Lori Gicker, RN, CVRN | Jennie George, BSN
Lori started her career at Tampa General Hospital in 2006 as a Unit Coordinator. After completing her nursing degree in 2011 she began working in the Cardiothoracic ICU as an RN for four years. She continued her nursing career for the next eight years working on 3K a Pre/Post procedure floor, eventually being promoted to Clinician. She is now a Nurse Navigator with the Structural Heart Program.
Jennie George, BSN Registered Nurse for 21 years with specialty in Neuro Trauma Critical Care, Jennie was a bedside RN for 12 years and Manager for almost 7 years. Prior to this , she was a Paramedic in the Emergency department and with the United States Air Force. Jennie started with the TGH Structural Heart team almost 2 years ago which is a passion of hers as her husband had Surgical Aortic Valve replacement 7 years ago.
Dr. Rania Habib (Host): This is Community Connect presented by TGH. I'm your host, Dr. Rania Habib. Today, we are joined by nurse navigators, Jennie George and Lori Gicker, at Tampa General Hospital. Jennie and Lori, welcome to the podcast
Lori Gicker: Thank you for having us.
Jennie George: Good afternoon.
Host: Lori, I'd like to begin with you. What is aortic stenosis?
Lori Gicker: Aortic stenosis is a narrowing or calcification of the aortic valve. Sometimes this narrowing keeps the valve from opening fully, reducing blood flow to the rest of the body, and making the heart work harder. Sometimes when you visit your doctor, he can see symptoms by listening to you and hearing a murmur, or sometimes you might have symptoms such as chest pain, fatigue, shortness of breath. Mild cases do not need treatment, but in some severe cases, surgery or minimally invasive procedure can repair the valve.
Host: Thank you for that introduction. Jennie, how is aortic stenosis diagnosed?

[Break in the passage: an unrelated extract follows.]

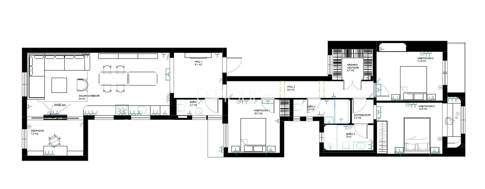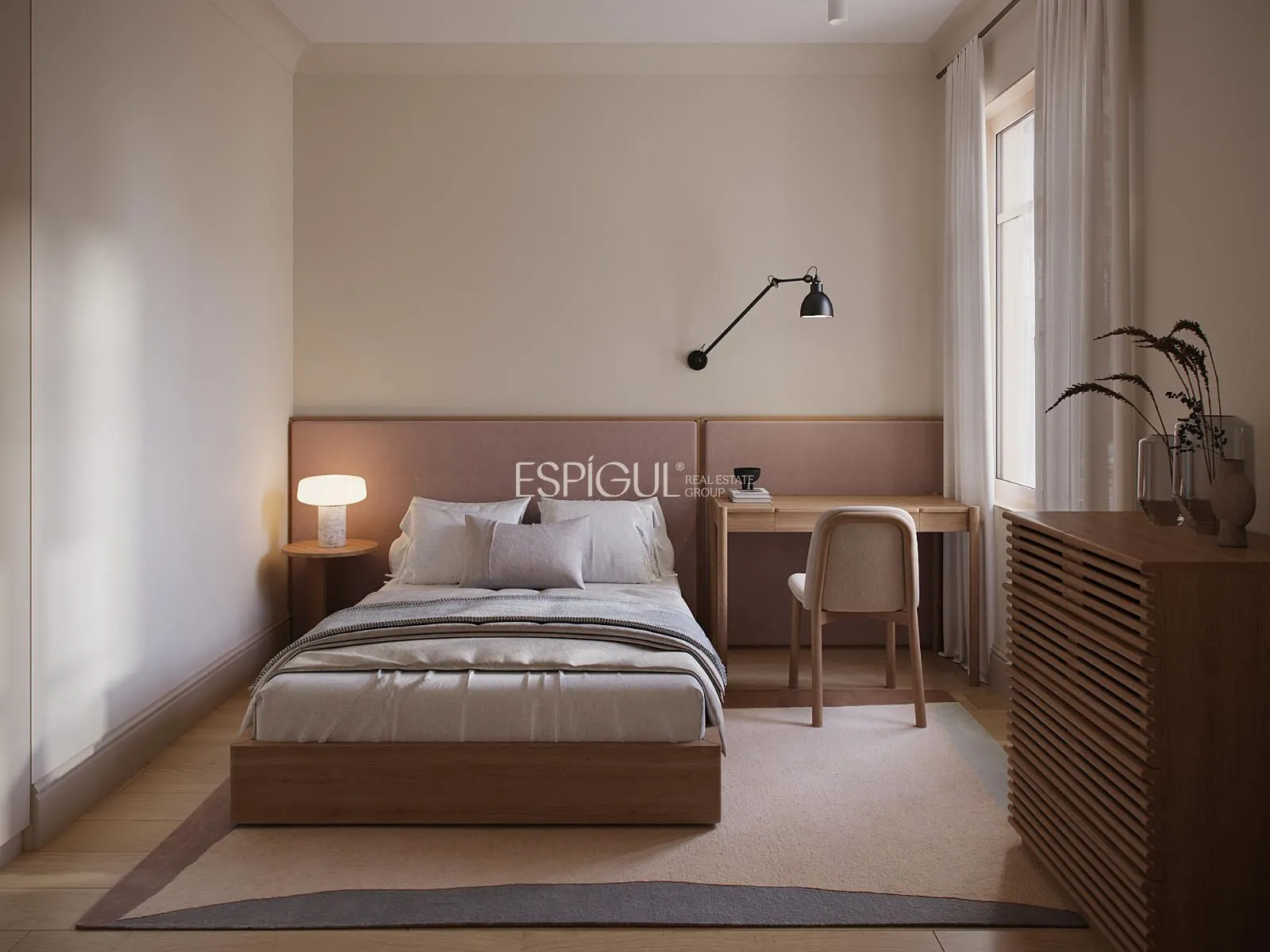Le logement s’organise en quatre pièces : 3 chambres doubles, dont une avec balcon privé donnant sur l’Avenida Sarrià, une suite sophistiquée, une chambre double et une quatrième pièce polyvalente, idéale comme bureau pour le travail ou les études à la maison.

Jennie George: Well, typically, when you go to the doctor, they might tell you you have a murmur. and when they tell you have a murmur, a lot of times they'll order what's called an echocardiogram. And the echocardiogram will give you the definitive diagnosis of where that murmur is coming from. Once that report gets taken back to your primary care doctor, then they will refer you to a cardiologist.
Host: So Lori, let's say for example, my doctor says I have a heart murmur and I undergo the echocardiogram that Jennie mentioned and my results confirm now that I do indeed have aortic stenosis. What are my options for treatment?
Lori Gicker: Well, it kind of depends on the severity of the aortic stenosis, and your cardiologist can decide the severity of the stenosis. So if it's not severe, and you don't have symptoms, your cardiologist can continue to monitor your aortic stenosis by doing echocardiograms every six months. And if it's not severe and you're having symptoms, you can come to Tampa General and we can evaluate the severity of the aortic stenosis.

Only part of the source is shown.